### EXTRACTED ENTRIES
────────────────────

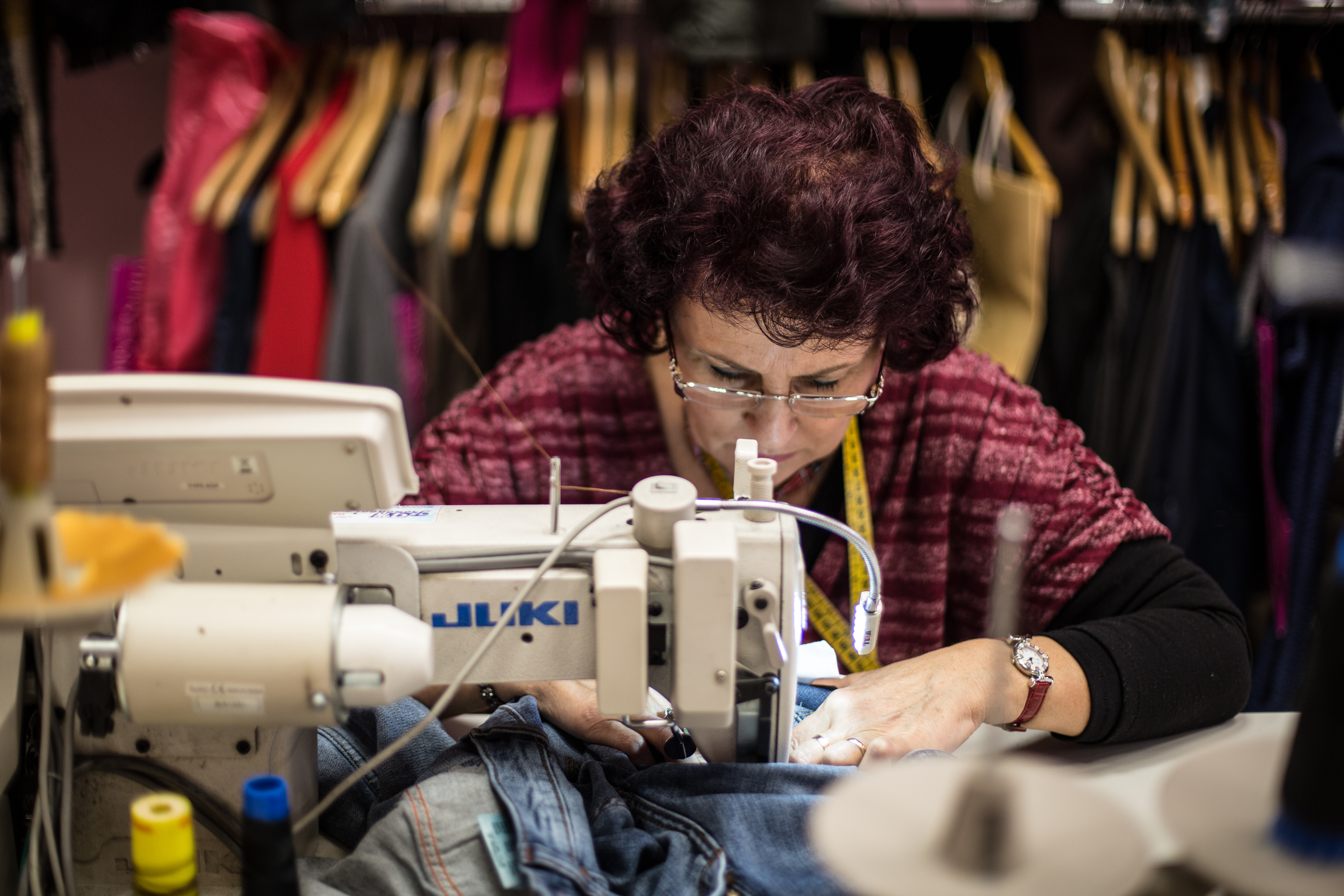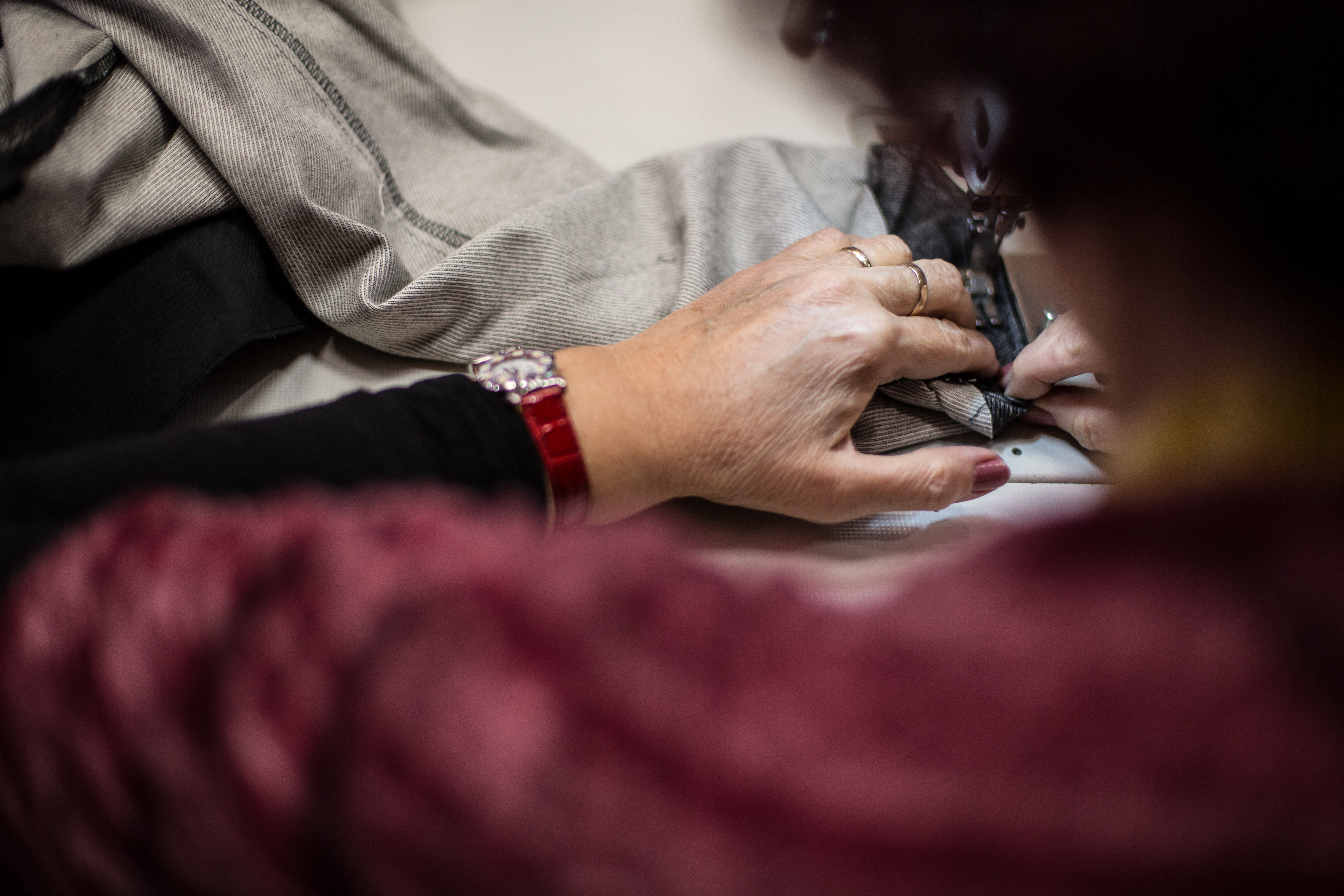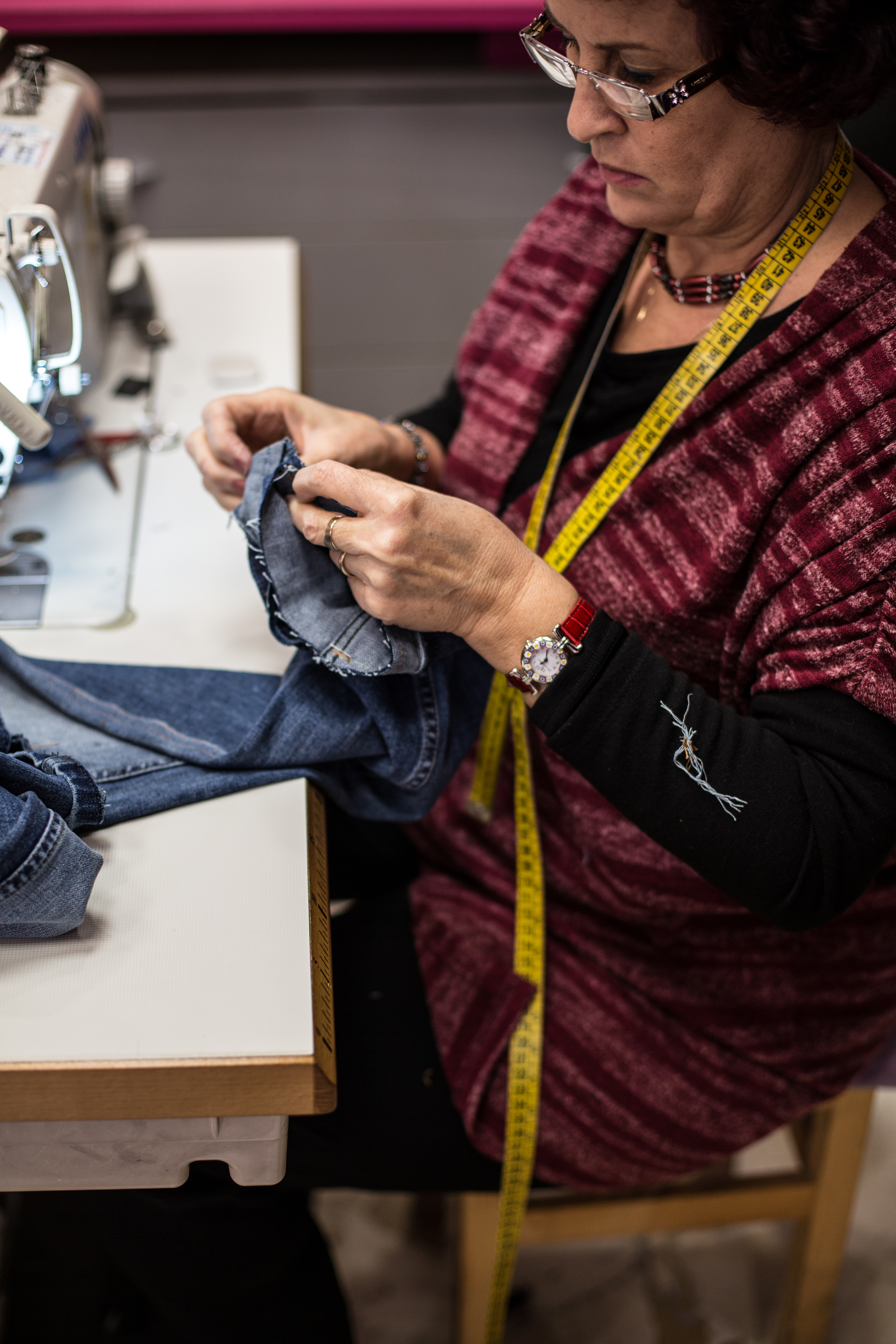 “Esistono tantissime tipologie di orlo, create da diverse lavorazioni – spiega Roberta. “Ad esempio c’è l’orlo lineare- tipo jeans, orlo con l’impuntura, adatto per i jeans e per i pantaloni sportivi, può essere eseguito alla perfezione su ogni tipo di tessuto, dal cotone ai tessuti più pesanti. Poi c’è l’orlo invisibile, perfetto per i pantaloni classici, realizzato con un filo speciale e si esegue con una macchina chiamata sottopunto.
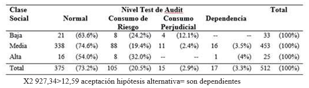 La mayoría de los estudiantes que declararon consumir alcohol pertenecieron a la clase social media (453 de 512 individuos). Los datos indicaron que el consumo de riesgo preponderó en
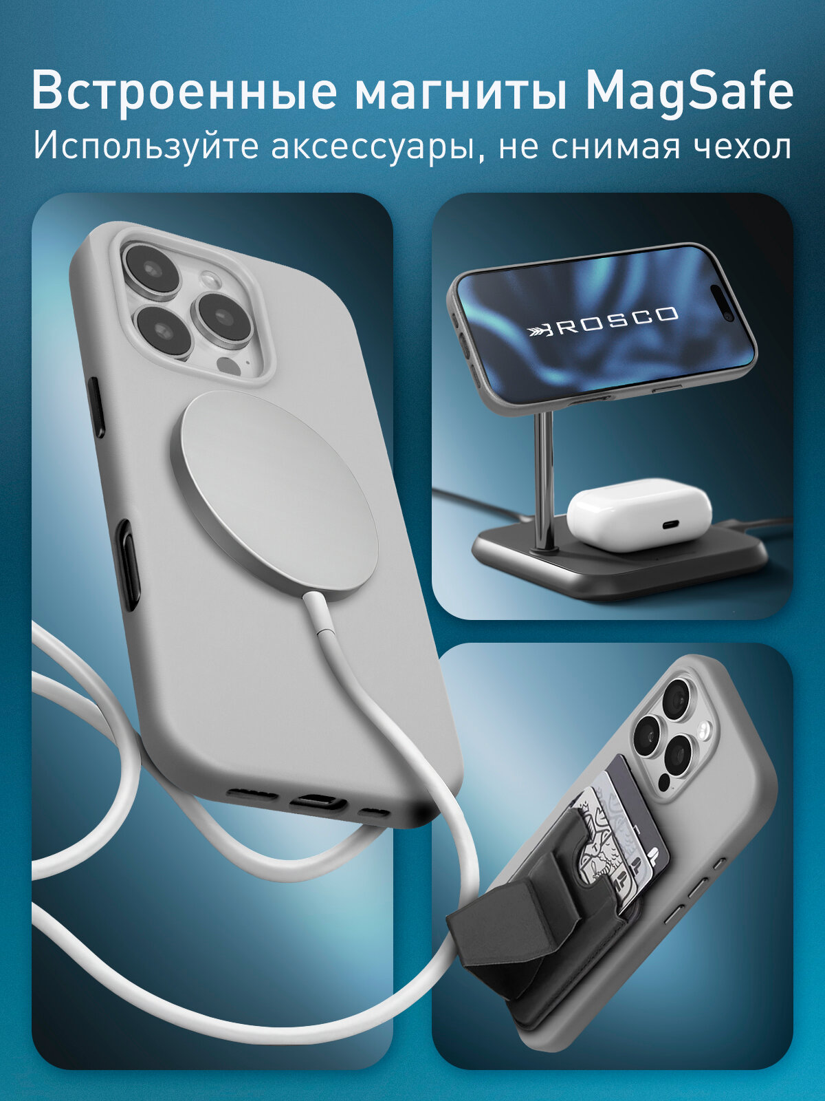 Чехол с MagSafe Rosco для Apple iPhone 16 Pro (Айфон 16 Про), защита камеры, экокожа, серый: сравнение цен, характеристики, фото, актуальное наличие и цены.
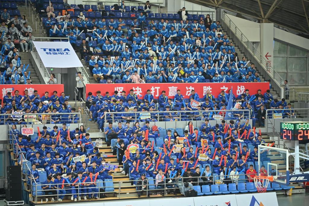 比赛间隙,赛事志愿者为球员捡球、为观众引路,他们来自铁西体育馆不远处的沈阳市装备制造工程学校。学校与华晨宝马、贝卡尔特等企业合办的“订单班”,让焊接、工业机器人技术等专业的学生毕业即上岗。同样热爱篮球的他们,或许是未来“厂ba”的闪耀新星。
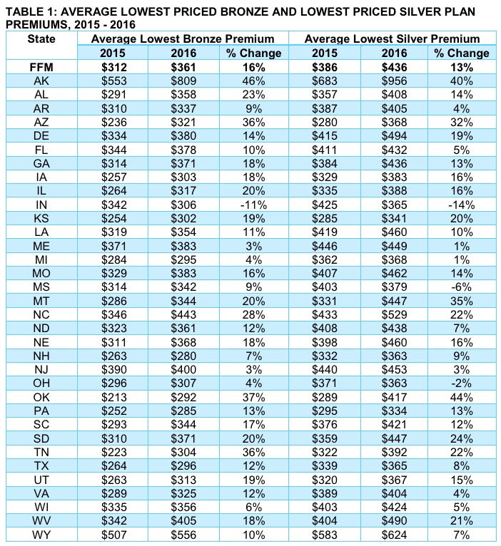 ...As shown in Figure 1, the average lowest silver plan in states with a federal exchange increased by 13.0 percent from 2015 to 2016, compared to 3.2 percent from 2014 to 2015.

────────────────────

### HOW TO COMPLETE THIS TASK
Output each record above exactly as written. Skip any pictures.

### EXERCISE SOLUTION
 “Esistono tantissime tipologie di orlo, create da diverse lavorazioni – spiega Roberta. “Ad esempio c’è l’orlo lineare- tipo jeans, orlo con l’impuntura, adatto per i jeans e per i pantaloni sportivi, può essere eseguito alla perfezione su ogni tipo di tessuto, dal cotone ai tessuti più pesanti. Poi c’è l’orlo invisibile, perfetto per i pantaloni classici, realizzato con un filo speciale e si esegue con una macchina chiamata sottopunto.
 La mayoría de los estudiantes que declararon consumir alcohol pertenecieron a la clase social media (453 de 512 individuos). Los datos indicaron que el consumo de riesgo preponderó en
 Чехол с MagSafe Rosco для Apple iPhone 16 Pro (Айфон 16 Про), защита камеры, экокожа, серый: сравнение цен, характеристики, фото, актуальное наличие и цены.
 比赛间隙,赛事志愿者为球员捡球、为观众引路,他们来自铁西体育馆不远处的沈阳市装备制造工程学校。学校与华晨宝马、贝卡尔特等企业合办的“订单班”,让焊接、工业机器人技术等专业的学生毕业即上岗。同样热爱篮球的他们,或许是未来“厂ba”的闪耀新星。
 ...As shown in Figure 1, the average lowest silver plan in states with a federal exchange increased by 13.0 percent from 2015 to 2016, compared to 3.2 percent from 2014 to 2015.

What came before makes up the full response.